Arzneimittel und Therapie

Nicht-steroidale Entzündungshemmer schwächen Wirkung

Nicht-steroidale Entzündungshemmer entfalten wie die selektiven Serotonin-Wiederaufnahmehemmer (SSRI) ihre Wirkung zumindest teilweise über eine Regulation des Zytokin-Stoffwechsels. Andererseits können auch bei Patienten mit einer Depression erhöhte Konzentrationen der beiden Zytokine TNF α oder INF γ im Serum nachgewiesen werden. US-amerikanische Wissenschaftler haben jetzt gezeigt, dass eine Komedikation von NSAID und Antidepressiva möglicherweise bedenklich ist, da die Entzündungshemmer die antidepressive Wirkung mindern können.

Der Anstieg proinflammatorischer Zytokine im Gehirn bei Patienten mit einer Depression ist nach der Zytokin-Hypothese ein Beleg für eine Entzündungsreaktion des Gehirns als grundlegende Ursache der Erkrankung. Ihre vermehrte Bildung wird durch innere oder äußere Stressoren ausgelöst.

Tierversuche und retrospektive Studie belegen Wechselwirkung

In einer jetzt veröffentlichten Studie des US-amerikanischen Nobelpreisträgers Paul Greengard führte die Applikation von Antidepressiva bei Mäusen zu einer Änderung des Verhaltens bei den Versuchstieren. Gleichzeitig kam es zu einer verminderten Freisetzung des Proteins p11. Diese erst vor wenigen Jahren entdeckte Markersubstanz ist für die Bereitstellung von Serotonin-Rezeptoren am synaptischen Spalt verantwortlich und könnte eine wichtige Rolle bei der Pathogenese der Depression spielen. Erhielten die Tiere jedoch gleichzeitig nicht-steroidale Entzündungshemmer wie Ibuprofen, Acetylsalicylsäure oder Naproxen, waren die nach der Antidepressiva-Gabe beobachteten Verhaltensauffälligkeiten deutlich geringer. Auch die p11-Freisetzung wurde reduziert. Durch die Medikation mit Antidepressiva waren die Konzentrationen bestimmter Zytokine (Tumor-Nekrose-Faktor alpha TNF α und Interferon gamma IFN γ) – im Gegensatz zu den Serumwerten – in den frontalen Hirnarealen erhöht. Auch dieser Effekt wurde durch eine gleichzeitige NSAID-Gabe inhibiert.

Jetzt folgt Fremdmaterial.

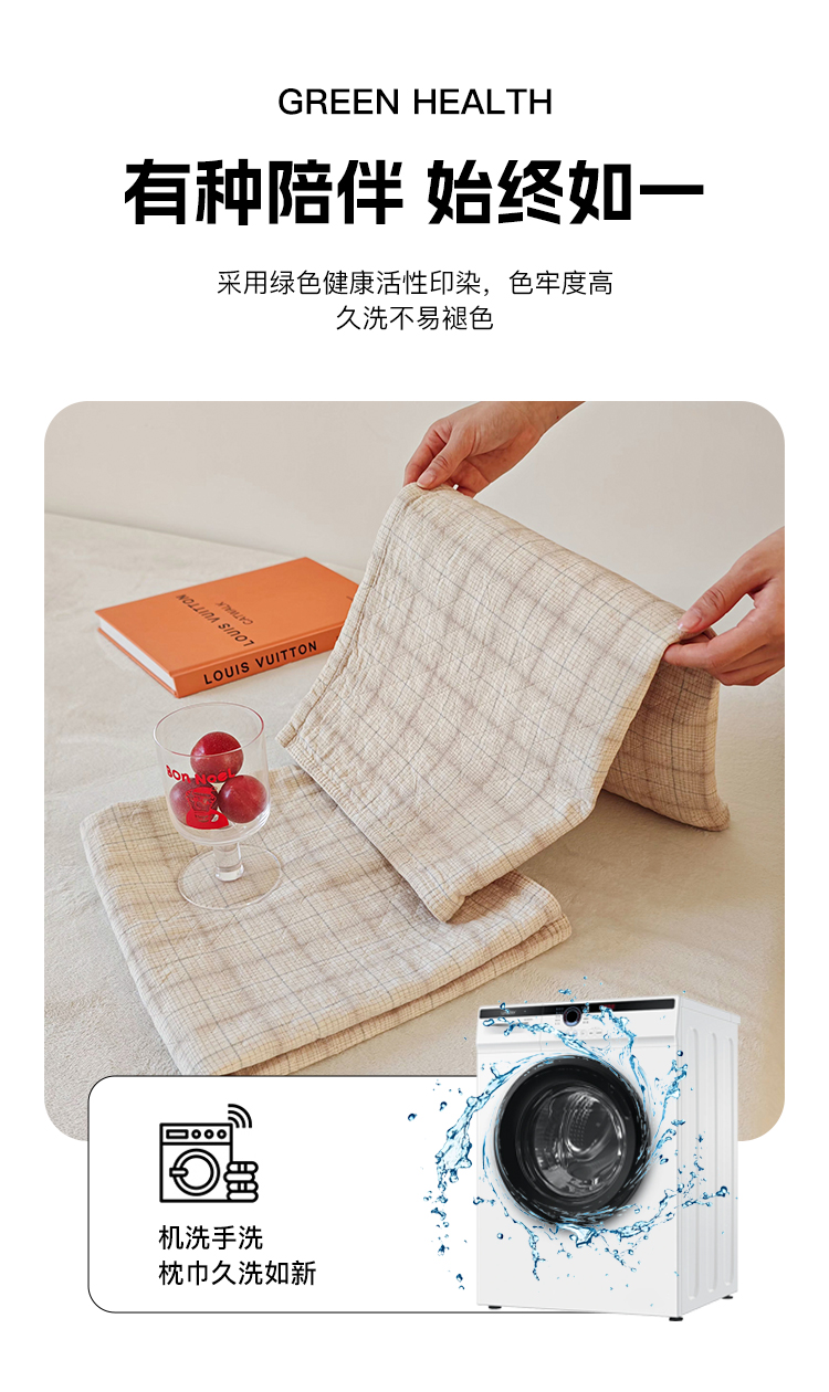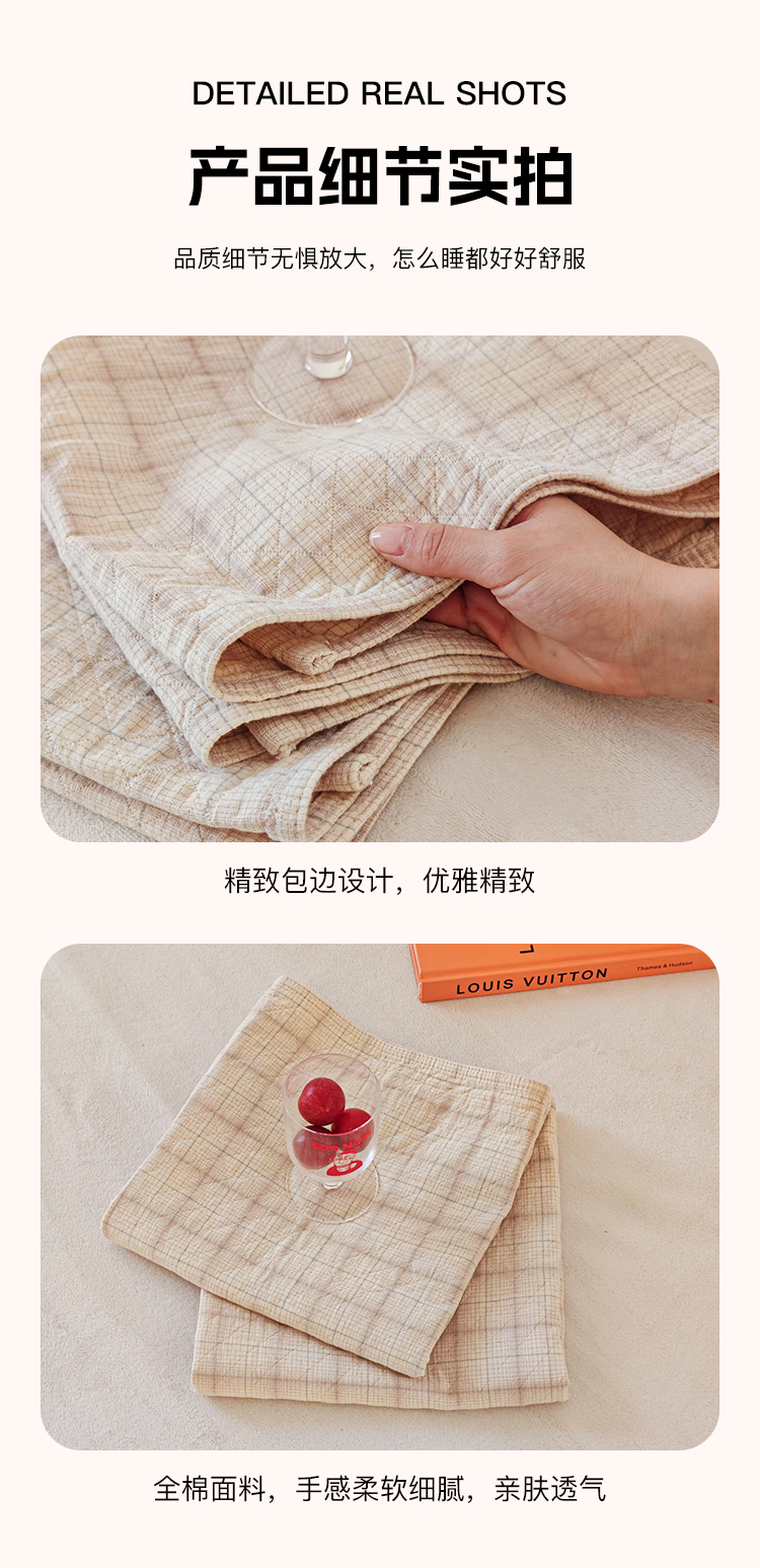 (总)沐瑟家纺 2025新款简约风多功能纱布盖毯纱布毯子毛巾被床盖沙发巾单毯枕巾枕套三件套,H本色,H橙色,H咖色,大马士革本色

Eine nachfolgende retrospektive Analyse klinischer Daten von an einer Depression erkrankten Patienten aus der STAR*D (National Institute of Mental Health: Sequenced Treatment Alternatives to Relieve Depression (STAR*D)-Studie, die die Wirkung unterschiedlicher Antidepressiva zum Gegenstand hatte, zeigte eine Senkung der Remissionsrate von 54 auf 40% bei einer Komedikation von Antidepressiva mit NSAID.

Auch wenn die Kritik, eine mögliche Wechselwirkung beider Medikamentengruppen müsse letztlich in einer prospektiven Studie untersucht werden, sicherlich berechtigt ist, so werden die Ergebnisse die Diskussionen um die umstrittene "Zytokin-Hypothese" beflügeln und weitere Untersuchungen folgen lassen. Auch wären Therapiestudien zur Linderung depressiver Symptome mit TNF-Blockern interessant. Da gerade ältere Patienten häufig eine Komedikation von nicht-steroidalen Entzündungshemmern und Antidepressiva erhalten, sollten – so die Autoren – Ärzte den therapeutischen Nutzen der NSAID gegen eine mögliche Minderung der Wirkung von Antidepressiva durch diese Präparate sorgfältig abwägen.


Quelle

Warner-Schmidta, J.L.; et al.: Antidepressant effects of selective serotonin reuptake inhibitors (SSRIs) are attenuated by antiinflammatory drugs in mice and humans. Proc. Natl. Acad. Sci. 2011; doi: 10.1073/pnas.1104836108 vom 25. April 2011.

www.aerzteblatt.de: NSAID vermindert Wirkung von Antidepressiva. Mitteilung vom 26. April 2011.